Dual-mode execution: Use portable-pty for interactive commands (when the TUI is in alternate screen mode), tokio::process::Command with piped I/O for tool calls. Selection based on whether the command was user-initiated (/run) or LLM-initiated (tool call).

Output streaming: Use tokio::sync::broadcast for multi-subscriber output distribution (TUI display + LLM context accumulation). Read in 8 KB chunks. Hard cap at 1 MiB with truncation indicator.

Timeout: Default 120 seconds (matching OpenCode’s practical default). Per-command overrides via tool parameters. Use tokio::time::timeout wrapping the process future. On timeout, send SIGTERM, wait 5 seconds, then SIGKILL.

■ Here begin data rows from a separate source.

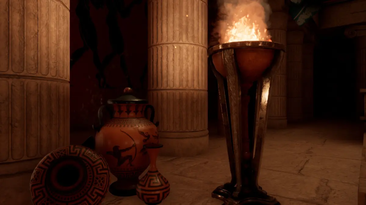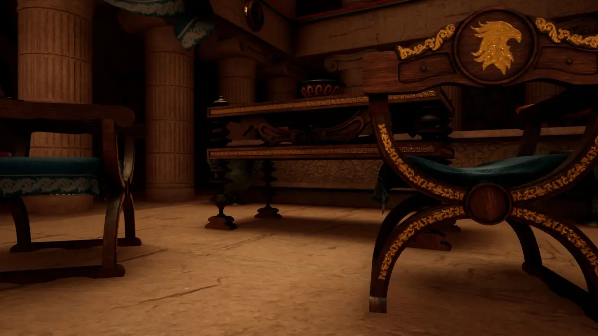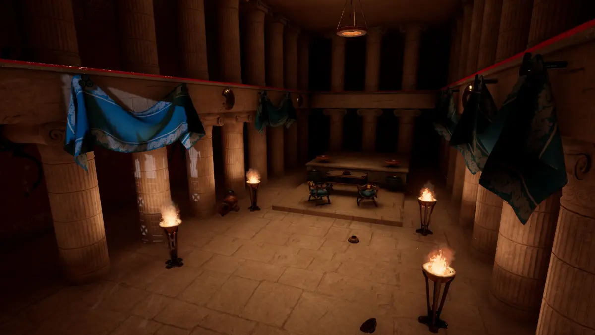 An interpretation of the ancient temple of Athena on a human scale without the sculpture of the goddess Athena, it can also be interpreted as a pantheon for rituals. Functional for VR glasses.
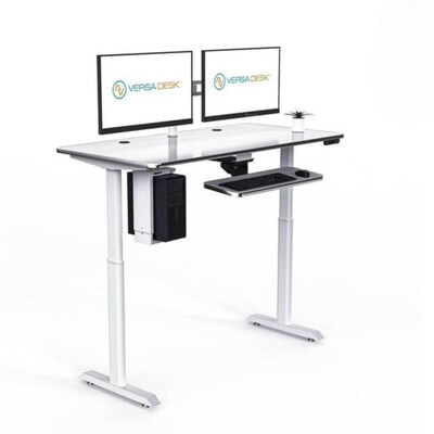 VersaDesk PowerLift 48"W Electric Rectangular Adjustable Standing Desk, White (PLSDR4824-WW-APP)
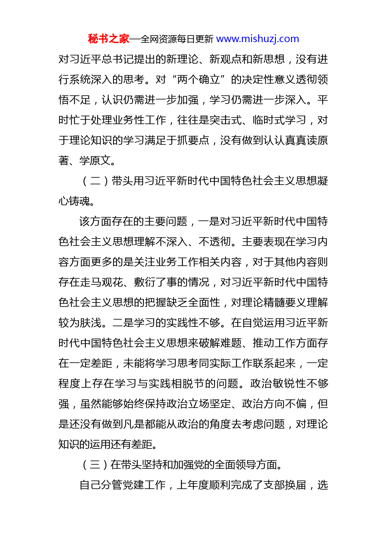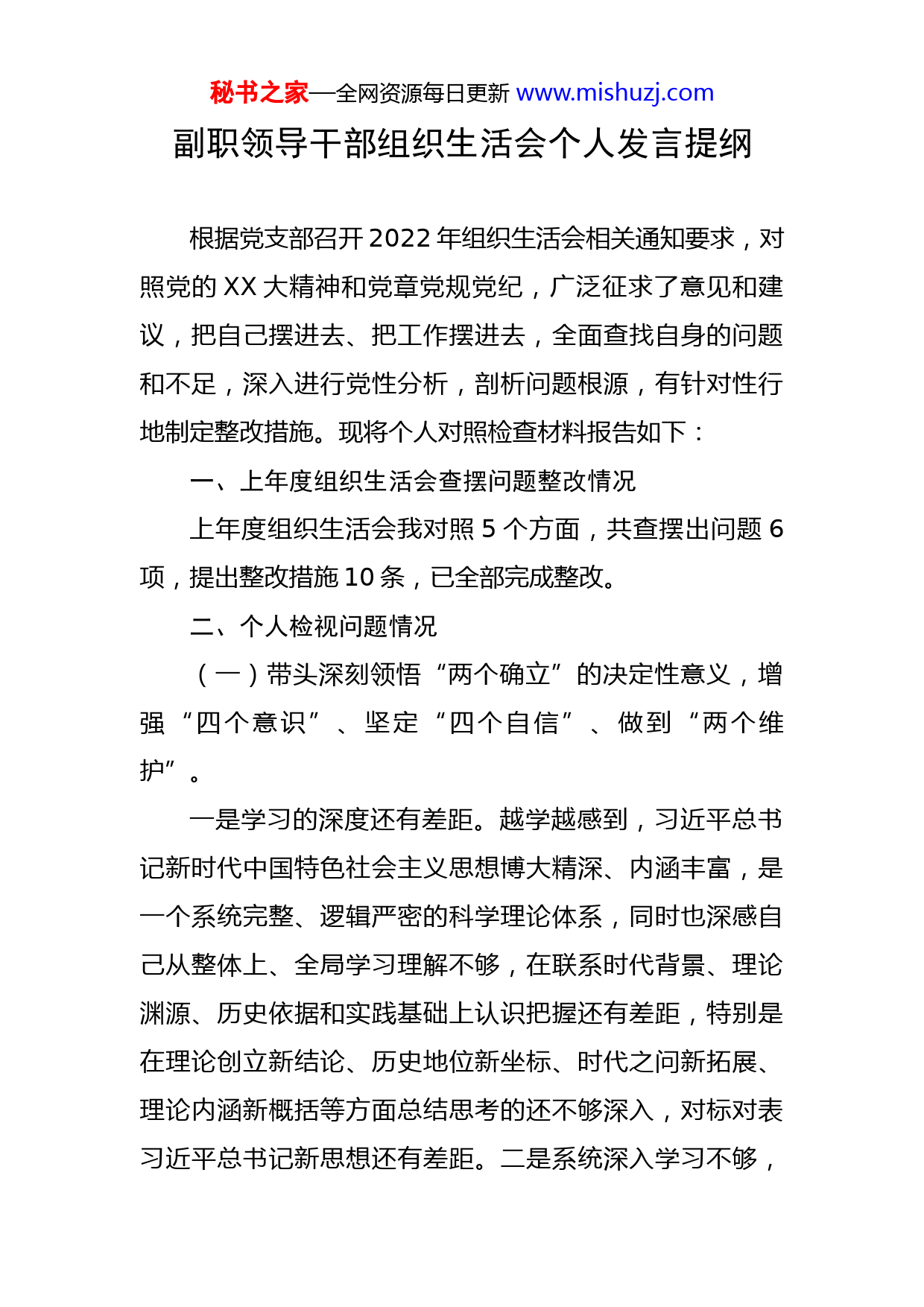 秘书之家—全网资源每日更新www.mishuzj.com副职领导干部组织生活会个人发言提纲根据党支部召开2022年组织生活会相关通知要求,对照党的XX大精神和党章党规党纪,广泛征求了意见和建议,把自己摆进去、把工作摆进去,全面查找自身的问题和不足,深入进行党性分析,剖析问题根源,有针对性行地制定整改措施。现将个人对照检查材料报告如下:一、上年度组织生活会查摆问题整改情况上年度组织生活会我对照5个方面,共查摆出问题6项,提出整改措施10条,已全部完成整改。二、个人检视问题情况(一)带头深刻领悟“两个确立”的决定性意义,增强“四个意识”、坚定“四个自信”、做到“两个维护”。一是学习的深度还有差距。越学越感到,习近平总书记新时代中国特色社会主义思想博大精深、内涵丰富,是一个系统完整、逻辑严密的科学理论体系,同时也深感自己从整体上、全局学习理解不够,在联系时代背景、理论渊源、历史依据和实践基础上认识把握还有差距,特别是在理论创立新结论、历史地位新坐标、时代之问新拓展、理论内涵新概括等方面总结思考的还不够深入,对标对表习近平总书记新思想还有差距。二是系统深入学习不够,秘书之家—全网资源每日更新www.mishuzj.com对习近平总书记提出的新理论、新观点和新思想,没有进行系统深入的思考。对“两个确立”的决定性意义透彻领悟不足,认识仍需进一步加强,学习仍需进一步深入。平时忙于处理业务性工作,往往是突击式、临时式学习,对于理论知识的学习满足于抓要点,没有做到认认真真读原著、学原文。(二)带头用习近平新时代中国特色社会主义思想凝心铸魂。该方面存在的主要问题,一是对习近平新时代中国特色社会主义思想理解不深入、不透彻。主要表现在学习内容方面更多的是关注业务工作相关内容,对于其他内容则存在走马观花、敷衍了事的情况,对习近平新时代中国特色社会主义思想的把握缺乏全面性,对理论精髓要义理解较为肤浅。二是学习的实践性不够。在自觉运用习近平新时代中国特色社会主义思想来破解难题、推动工作方面存在一定差距,未能将学习思考同实际工作联系起来,一定程度上存在学习与实践相脱节的问题。政治敏锐性不够强,虽然能够始终保持政治立场坚定、政治方向不偏,但是还没有做到凡是都能从政治的角度去考虑问题,对理论知识的运用还有差距。(三)在带头坚持和加强党的全面领导方面。自己分管党建工作,上年度顺利完成了支部换届,选秘书之家—全网资源每日更新www.mishuzj.com优配强了支部班子成员,并指导两个支部持续开展标准化规范化建设,深化了党支部的战斗堡垒作用,党建工作取得了一些成效。但经过深入剖析,还存在习惯用老经验和老方法解决问题,运用党的创新理论解决实际问题的能力不足,学用结合做的不好的问题,主要表现在在开展党建工作时,创新能力和主动性不强,未能自觉把习近平新时代中国特色社会主义思想转化为坚定思想、锻炼党性和指导实践、推动工作的强大力量。全局意识、大局意识方面需进一步提高,工作尚未抓实抓细。同时党建工作与业务工作融合度不高,未能深入思考如何更好抓好党建工作,未能真正起到以党建促业务、促发展的作用。(四)带头坚持以人民为中心的发展思想。经认真自查,该方面存在的问题是在思想上、行动上树立起全心全意为人民服务的公仆意识不强,宗旨意识有所淡化。主观认识上还是存在一定偏差,总觉得“一级管一级、一级负责一级”,群众的事情是社区及相关职能部门的事情,自己平时忙于日常事务,面对面接触群众不多,对群众的所思所想所盼了解得不够全面,造成了工作与群众的实际需求相脱节。群众服务意识还不够,深入群众生活意识不够强,没有真切地走到群众之中,对群众的意见建议了解不够,为群众办实事办好事不够多。(五)带头发扬斗争精神,防范化解风险挑战。秘书之家—全网资源每日更新www.mishuzj.com该方面存在的主要问题是,斗争精神不强。应对新形势新问题不够主动。适应新形势和解决新问题的能力不足,面对发展任务繁重的形势,未能及时调整自身的工作节奏,抓工作力度和频次不够。敢于担当的勇气还不足,在思想上和工作中习惯于已有的工作套路和方法,缺乏探索科学创新工作方法的精神和决断力,安于现状,对一些新政策、新观点、新经验吸取的不够多,存在等靠依赖思想,工作的主动性、创新意识出现了差距,在处理问题时思想不够解放、创新意识不够强,没有很好地发挥主观能动性。(六)带头落实全面从严治党政治责任。工作中能切实落实党风廉政建设主体责任,带头遵守政治纪律和政治规矩,面对大是大非敢于亮剑,面对矛盾敢于迎难而上,敢于坚决斗争。但也存在一些问题,一是廉洁文化建设氛围不够浓厚,作用发挥不明显。在局内积极开展廉洁文化宣传教育,积极营造风清气正政治环境,虽然取得了一些成绩,但也存在着不足,如对落实全面从严治党政治责任认识还有待提高,责任履行还有一定差距。二是践行党章党规要求不严实。对于党章党规的高标准要求,往往只做到了眼到心到,还没有真正达到内化于心,外化于行的境界。但在工作以外的日常生活之中,自我教育、自我警醒、自己我约束不够坚决和彻底,未能时秘书之家—全网资源每日更新www.mishuzj.

Process cleanup: Set kill_on_drop(true) on tokio::process::Child. Create process groups with pre_exec() on Unix. On Linux, set PR_SET_PDEATHSIG via prctl to SIGTERM the child if the parent dies.

Environment builder:

pub struct ExecEnvBuilder {
inherit_strategy: InheritStrategy,
exclude_patterns: Vec<Glob>,
overrides: HashMap<String, String>,
core_vars: &'static [&'static str],
}
pub enum InheritStrategy {
All,
Core, // Only PATH, HOME, SHELL, USER, TMPDIR
None,
}

Default to Core for LLM-initiated commands, All for user-initiated commands. Always filter *KEY*, *SECRET*, *TOKEN* patterns from inherited vars.

Shell detection: Check $SHELL on Unix, detect parent process on Windows. Fall back to /bin/sh (Unix) or cmd.exe (Windows). Store detected shell for session lifetime.

Permission integration: Parse commands with tree-sitter-bash to extract paths and program names. Route through the permission system before execution. Cache approvals per command pattern for the session.

Non-interactive mode (-p flag): OpenOxide CLI should support a -p / --print flag that disables the TUI and runs a single prompt to completion. Output formats: text (default), json (with result, session_id, usage metadata), stream-json (NDJSON events). Add --json-schema for structured output validation. Session continuation via --continue / --resume <session_id>.

pub enum OutputFormat {
Text,
Json { schema: Option<JsonSchema> },
StreamJson { verbose: bool, include_partial: bool },
}
pub struct NonInteractiveResult {
pub result: String,
pub session_id: SessionId,
pub structured_output: Option<serde_json::Value>, // When json-schema used
pub usage: UsageMetadata,
}

CI-friendly execution: Default to --permission-mode acceptEdits in non-interactive mode. Support --max-turns for cost control. Exit codes: 0 (success), 1 (error), 124 (timeout, matching Unix convention). Support --mcp-config for loading MCP servers in CI contexts.

System prompt composition: Support --append-system-prompt (add to default) and --system-prompt (replace default). Enable piping context via stdin: cat diff.patch | openoxide -p "Review this".

Cloud-deployable execution: Design CommandExecutor to work in container environments where PTY may not be available. Fall back to piped I/O gracefully. Support OPENOXIDE_REMOTE env var for scripts that need to detect remote execution context.